Wednesday, January 20, 2010

So. Farewell Then, Bill McLaren

Another voice of our childhoods has been silenced. Bill McLaren, voice of rugby on the BBC, has been called home at the age of eighty-six.

Bill McLaren was old school. He was from the village of Hawick, in Scotland’s rugby heartland. The name means nothing now in the professional age but back in the day the news that the Scots had found yet another raw-boned forward from Hawick was enough to cause the bruises to rise and the teeth to loosen on even the most hardened of men before a ball – or anything else – was kicked at all.

Scotland had a very particular way of playing rugby in the amateur era, a dour, grinding relentlessness that gave way to grudging admiration from vanquished opposition that they pulled it off so well. Sheep farmers’ rugby – a ten man game for strong, muscular men who needn’t have trained at all, having spent all their time on the mountain pulling sheep out of ditches in the freezing, sheeting rain of Scotland. No gym in the world hardens muscle on bone like that sort of work.
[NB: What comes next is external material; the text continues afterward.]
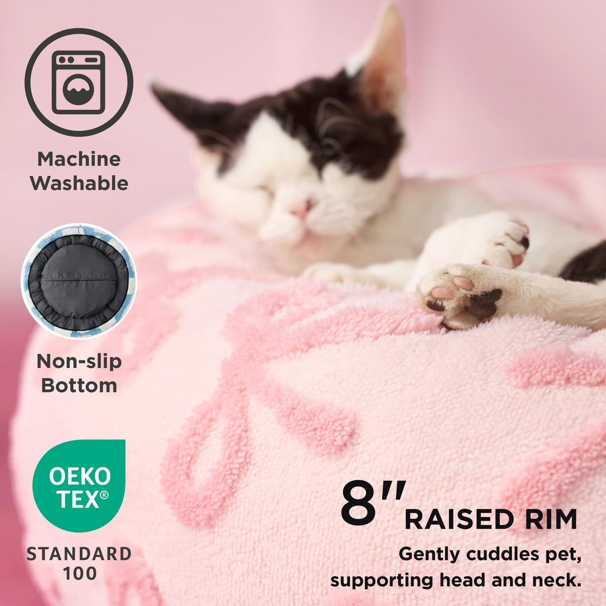Lesure Donut Cat Beds For Indoor Cats - Round Small Dog Bed Calming Pet Beds, Cute Modern Beds With Jacquard Shaggy Plush & Anti Slip Bottom, 20 Inch, Pink Taffy

McLaren was a schoolteacher. You could tell, listening to him. He loved the great theatres of Twickers and the Parc des Princes of course, but you got the feeling, like a catch in his voice, that he’d be as happy on the back pitch of some school teaching a young lad the skills of the game, and being delighted when the young lad bound properly, or didn’t bash his head off the hooker in the scrums anymore. It was hard not to get the feeling that being true to the traditions and ethos of game meant as much to him as JPR crossing the line in the Arms Park, or Andy Irvine going over at Murrayfield.

McLaren’s great gift was his perspective. He knew that rugby wasn’t actually a matter of life and death, that it was just a game. The BBC did a documentary about him on his final season – his first assignment that year was Italy v Scotland in Rome. The last time McLaren has been in Italy was fifty years beforehand, when he was there as a Royal Artillery man during the Second World War.

When the war was over, he was on the verge of an international cap when he contracted TB. TB would have done for him were it not for a miracle drug called Streptomycin. After all that, it was easy enough to keep the Calcutta Cup in perspective. Crucial certainly, but by no means serious.

Bill McLaren was old school. That BBC documentary ended with him waltzing around the sitting room with his wife, an old-school courtly pleasured beloved by that most courtly of sports commentators. Bill McLaren was of a generation where men danced with women, didn’t sneer for the sake of sneering and looked on triumph and disaster, treating both imposters just the same. He will be missed, and his like will not be seen again. Ar dheis Dé go raibh a anam Albanach uasal.